The feed includes clips from both originals and licensed programming, Netflix says. It also includes video clips from the existing Netflix social channel, “Netflix Is A Joke,” which today runs clips, longer videos and other social content across YouTube, Twitter, Facebook and Instagram.
Fast Laughs resembles TikTok in the sense that it’s swiped through vertically, offers full-screen videos and places its engagement buttons on the right side. But it’s not trying to become a place to waste time while being entertained.
Like many of Netflix’s experiments, the goal with the Fast Laughs feed is to help users discover something new to watch.
Instead of liking and commenting on videos, as you would in a social video app, the feed is designed to encourage users to add shows to their Netflix watch list for later viewing. In this sense, it’s serving a similar purpose to Netflix’s “Previews” feature, which helps users discover shows by watching clips and trailers from popular and newly released programming.
As users scroll through the new Fast Laughs feed, they’ll encounter a wide range of comedy clips — like a clip from a Kevin Hart stand-up special or a funny bit from “The Office,” for example. The clips will also range in length anywhere from 15 to 45 seconds.

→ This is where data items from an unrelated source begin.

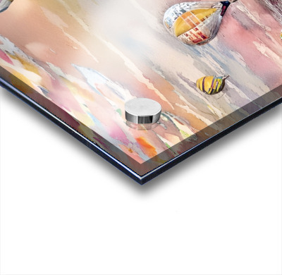 Printed to the edge - Ready to hang - provided with 4 premium polished aluminum stand off ( wall screws and mounting hardware provided )
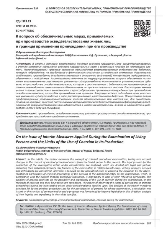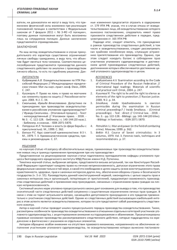 1. Кудрявцева А.В. Освидетельствование по УПК Российской Федерации // Международные юридические чтения: Мат-лы науч.-практ. конф. Омск, 2004. С. 247. EDN: SIWWHR
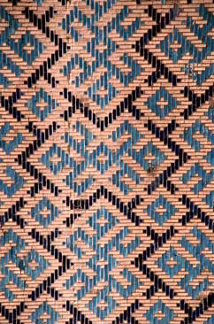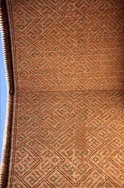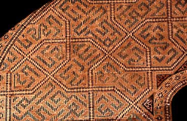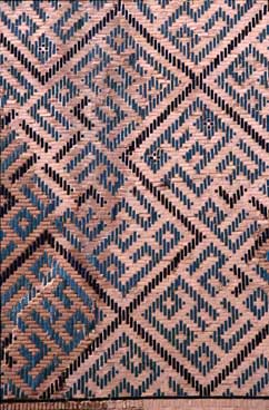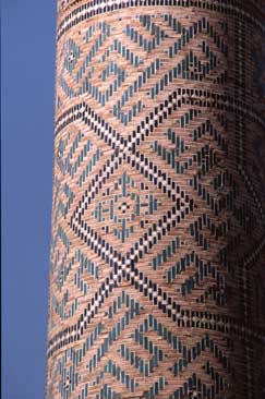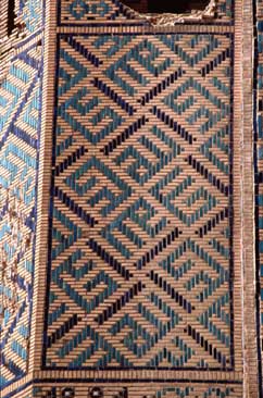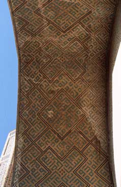 Dieses ist ein Element von der Seite des Hauptpishtaqs der Bibi Khanum Moschee. Es lautet "Allahu akbar" - Gott ist am größten. Weil nur eine kleine Fläche damit geschmückt ist, fällt kaum auf, daß sich das Element schlecht zur flächigen Gesatltung eignet, da Lücken bleiben.
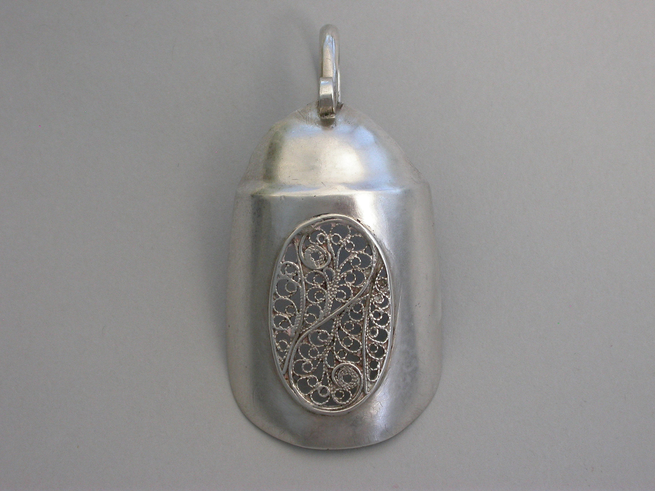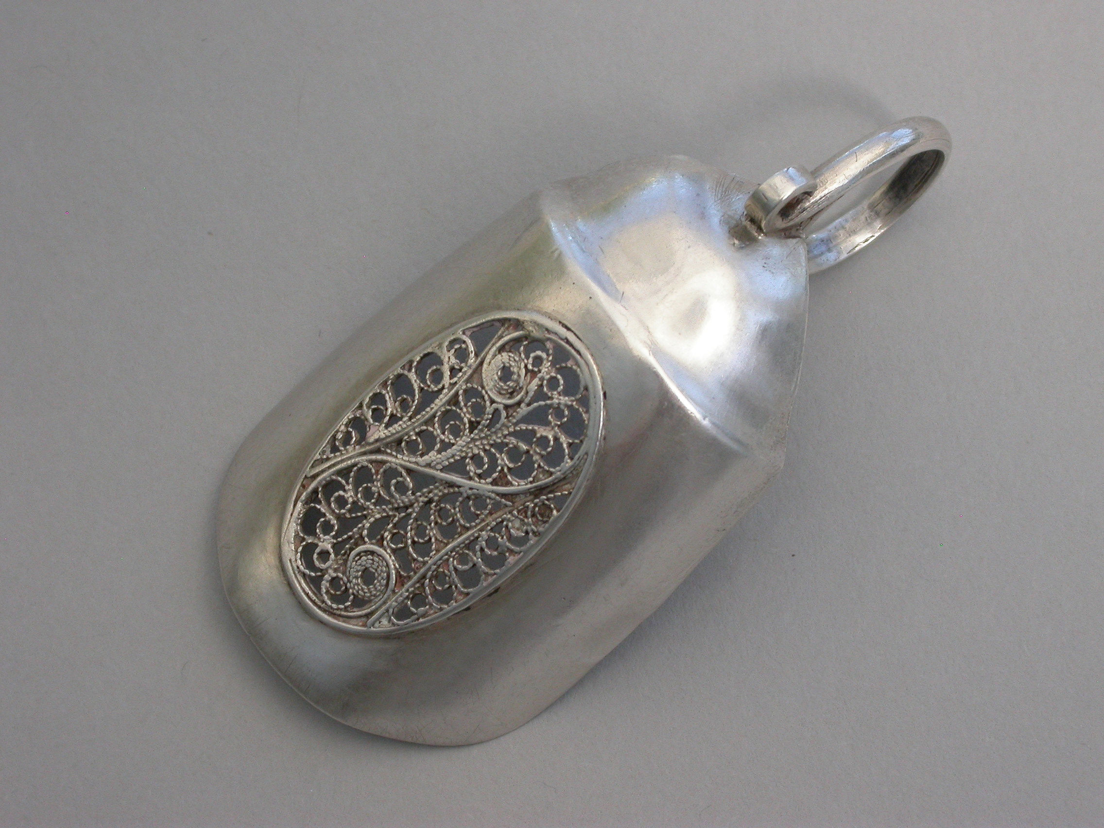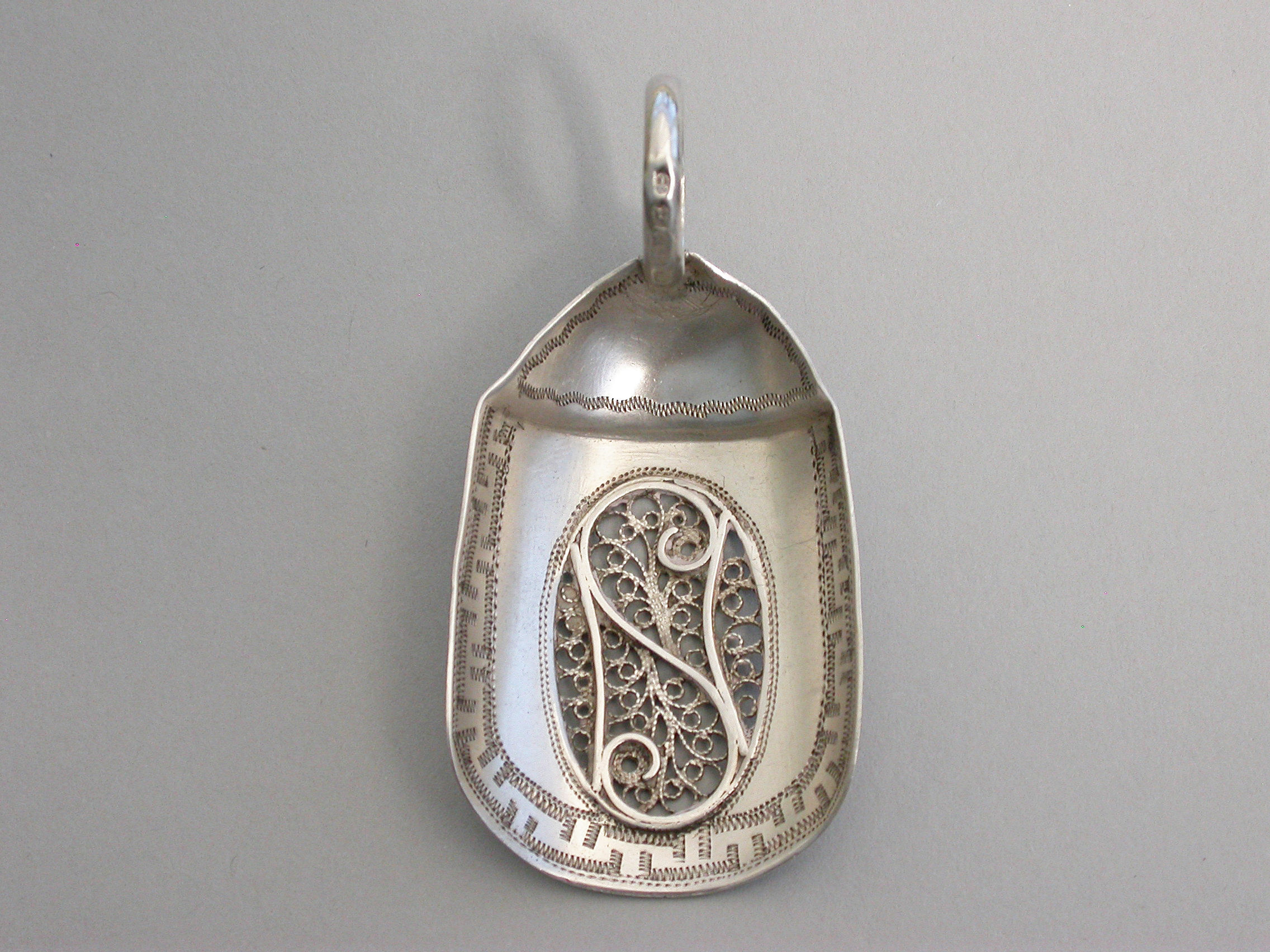 A good George III silver Caddy Spoon, the scoop shaped bowl with inset filigree panel and decorated with a band of prick-dot engraved decoration. Loop handle.

In addition to adding clips to Netflix’s “My List” feature, users can also react to clips with a laughing emoji button, share the clip with friends across social media, or tap a “More” button to see other titles related to the clip you’re viewing.
The feature was first spotted by social media consultant Matt Navarra, based in the U.K. In his app, Fast Laughs appeared in front of the row of Previews, where it was introduced with text that said “New!”

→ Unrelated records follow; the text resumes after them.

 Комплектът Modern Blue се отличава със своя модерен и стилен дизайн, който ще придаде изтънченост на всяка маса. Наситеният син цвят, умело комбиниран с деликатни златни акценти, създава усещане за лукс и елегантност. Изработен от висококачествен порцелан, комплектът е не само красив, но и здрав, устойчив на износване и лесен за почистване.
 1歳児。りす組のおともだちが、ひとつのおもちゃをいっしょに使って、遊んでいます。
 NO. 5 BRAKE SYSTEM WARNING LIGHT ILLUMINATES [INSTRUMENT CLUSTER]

Netflix confirmed to TechCrunch the experiment had been tested with a small number of users earlier this year, but has recently started rolling out to a wider group this month — including users in the U.K., the U.S. and other select markets.
It’s currently available to a subset of Netflix users with adult profiles or other profiles without parental controls on iOS devices only. However, users don’t need to be opted in to experiments nor do they need to be on a beta version of the Netflix app to see the feature. It’s more of a standard A/B test, Netflix says.
And because it’s a test, users may see slightly different versions of the same feature. The product may also evolve over time, in response to user feedback.
Netflix is hardly the first to “borrow” the TikTok format for its own app. Social media platforms, like Instagram and Snapchat, have also launched their own TikTok rivals in recent months.
But Netflix isn’t a direct competitor with TikTok — except to the extent that any mobile app competes for users’ time and attention, as there are only so many hours in a day.
Instead, the new feed is more of an acknowledgment that the TikTok format of a full-screen vertical video feed with quick engagement buttons on the side is becoming a default style of sorts for presenting entertaining content.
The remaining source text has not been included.